Re: 171.64.65.20 and 171.67.108.25

Posted: Fri Feb 27, 2009 4:55 pm
by bruce
eberlyml wrote:I am continuing to receive work from this combination of work/collection servers: 171.67.108.12 and 171.67.108.25. Why does the work server continue to give out work that will not be received back?
No, it's not a client problem, and the "will not be received back" is incorrect.

The client is designed to return the WU to the same server that issued it. If, for some reason, that server is down or is excessively busy, the V4 client was designed to hold the WU in queue and retry until the server came back up or the temporary overload dissipated. V5 and V6 also allow for a Collection Server which can accept the WU under whatever conditions cause the upload to the primary Work Server to fail.

First, the total workload has continued to grow while no new servers have been added, so many of the servers are now operating at full capacity and the overload conditions are no longer temporary. Second, (see the announcements) a couple of critical servers are down, which redirects a lot more work to the Collection Servers.

The plan to provide a permanent solution depends on the new server code (see the News Blog) which has been in testing for a while now. It provides a very significant increase in the number of connections that a given server can handle and I expect that the permanent overload conditions will be alleviated. I'm not aware of the details of the roll-out of the new server code, but I expect it soon. In the meantime, every time your client tries to upload, there's a statistical chance that someone else just finished uploading so you'll be successfully connected.

Servers SHOULD be assigning new work, even if the previous WUs have not yet uploaded. The client's queue is designed to hold up to 9 completed WU and it might be able to upload all of them at one time, depending on the server status. If you do NOT get new work, your computer will be idle waiting for the upload of the first WU and you might be up to 8 WUs farther behind when that happens.

I'm sure the Pande Group is doing all they can to correct these issues. In the meantime, all you can do is be patient.

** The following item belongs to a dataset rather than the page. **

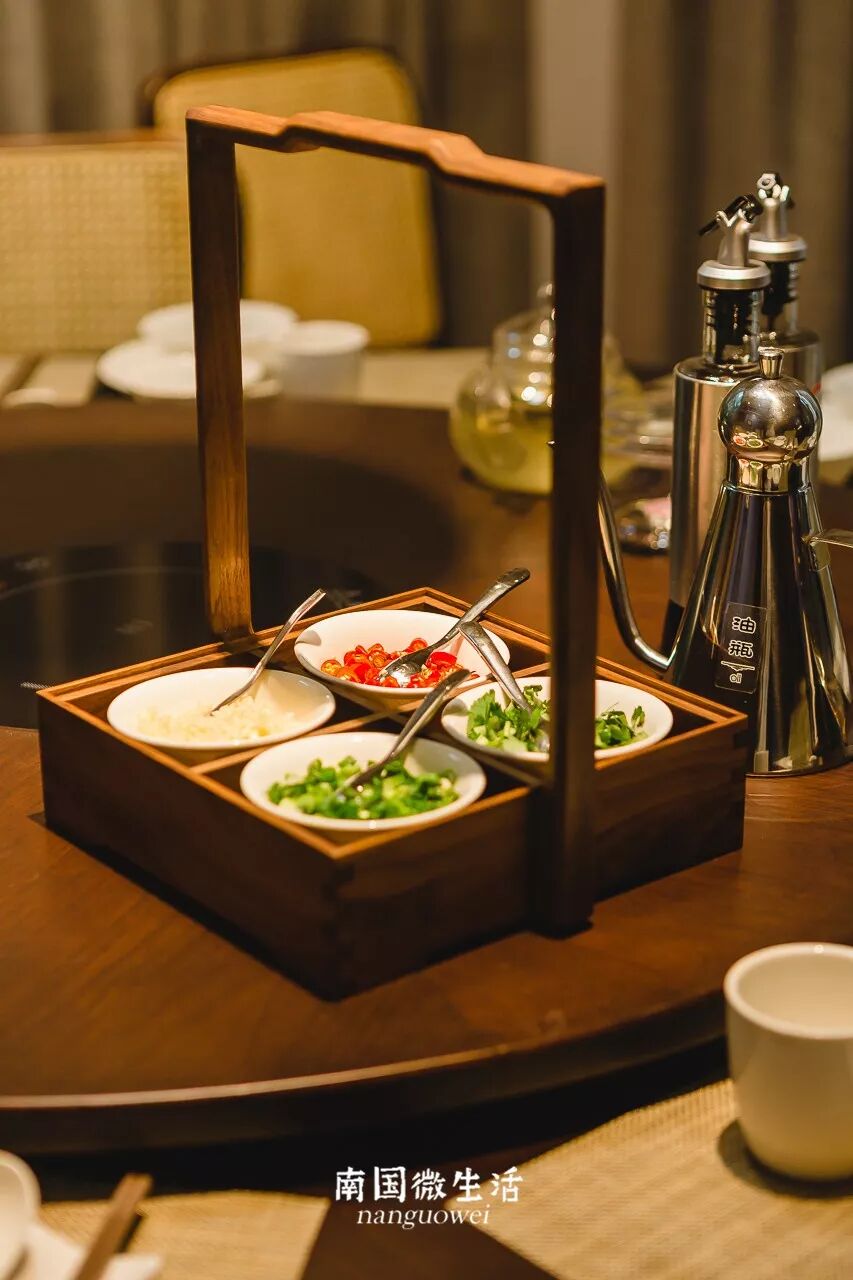 如果想口味重一些,这里还有精致的配料篮子,蒜米、辣椒、香菜、香葱任你搭配

Re: 171.64.65.20 and 171.67.108.25

Posted: Fri Feb 27, 2009 7:21 pm
by MtM
Not sure if this is would be an 'approved' idea, but I'm thinking in these cases you might create a shadow copy of the client + work folder, then delete queue.dat and work folder in either the original location or the shadow copy location allowing to process some new wu's while keeping tab on the servers status. When the collection/work server goes back up, start the client which has the backlog off completed wu's with sendall to force sending all completed wu's?

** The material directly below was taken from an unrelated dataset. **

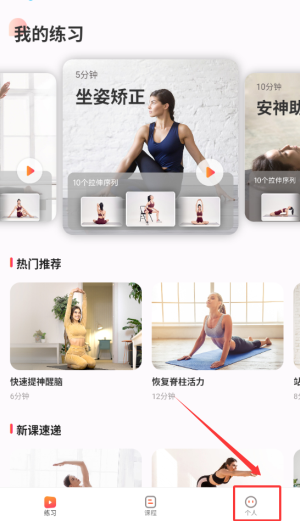 1、新手快速入门。完成体态测试后推荐3套入门课程。每日提醒培养运动习惯。
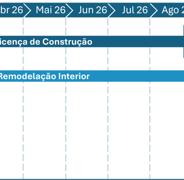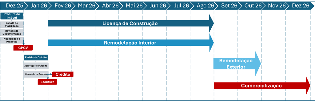 Este cronograma apresenta as etapas principais do projeto, incluindo a compra do imóvel, execução da remodelação, obtenção de licenças e a fase de comercialização.

Would mean you can process some new work while waiting, idk how PG would look at this though?

Re: 171.64.65.20 and 171.67.108.25

Posted: Sat Feb 28, 2009 7:09 pm
by bruce
MtM wrote:Not sure if this is would be an 'approved' idea, but I'm thinking in these cases you might create a shadow copy of the client + work folder, then delete queue.dat and work folder in either the original location or the shadow copy location allowing to process some new wu's while keeping tab on the servers status. When the collection/work server goes back up, start the client which has the backlog off completed wu's with sendall to force sending all completed wu's?

Would mean you can process some new work while waiting, idk how PG would look at this though?
I don't see how that serves any purpose. You can already process new work while waiting. How do you suppose the second and third "Done" WUs listed by eberlyml above got processed?

As I said, up to 9 WUs can be waiting to upload before there's any real problem except the messages which tend to unnecessarily cause irritation to the people who see them. By making another copy, you'll avoid seeing the messages but then if the server does come on line while the donor is sleeping or at work or simply not checking on the status of the server, they might not get uploaded as soon. And you would also be excluding the (slim) chance that the client will be able to upload to the Collection Server before the primary server is repaired.

Is anybody approaching the 9 "Done" WU limit? That's the only case where making a shadow copy would be useful.

The first order of business is to fix the server but just a simple fsck takes days, not hours.